• **Your task**: Return the lines below that carry the word "Alle".

• **Entries shown**:
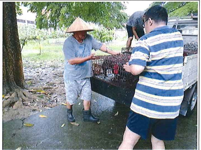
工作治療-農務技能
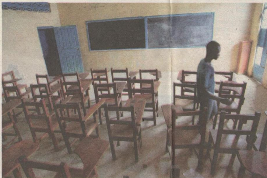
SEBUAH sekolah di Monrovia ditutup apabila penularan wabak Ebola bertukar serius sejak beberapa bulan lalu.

---

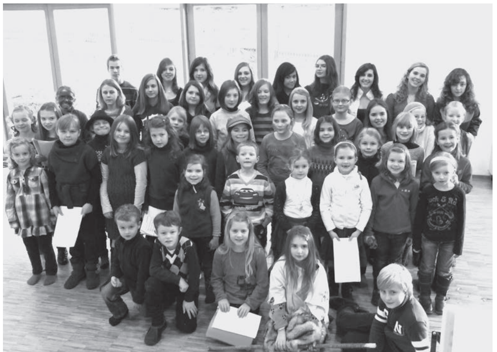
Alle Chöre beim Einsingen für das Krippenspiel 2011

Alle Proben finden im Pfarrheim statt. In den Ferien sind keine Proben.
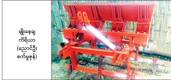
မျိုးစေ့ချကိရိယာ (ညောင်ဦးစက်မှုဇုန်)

• **Your response**:
Alle Chöre beim Einsingen für das Krippenspiel 2011
Alle Proben finden im Pfarrheim statt. In den Ferien sind keine Proben.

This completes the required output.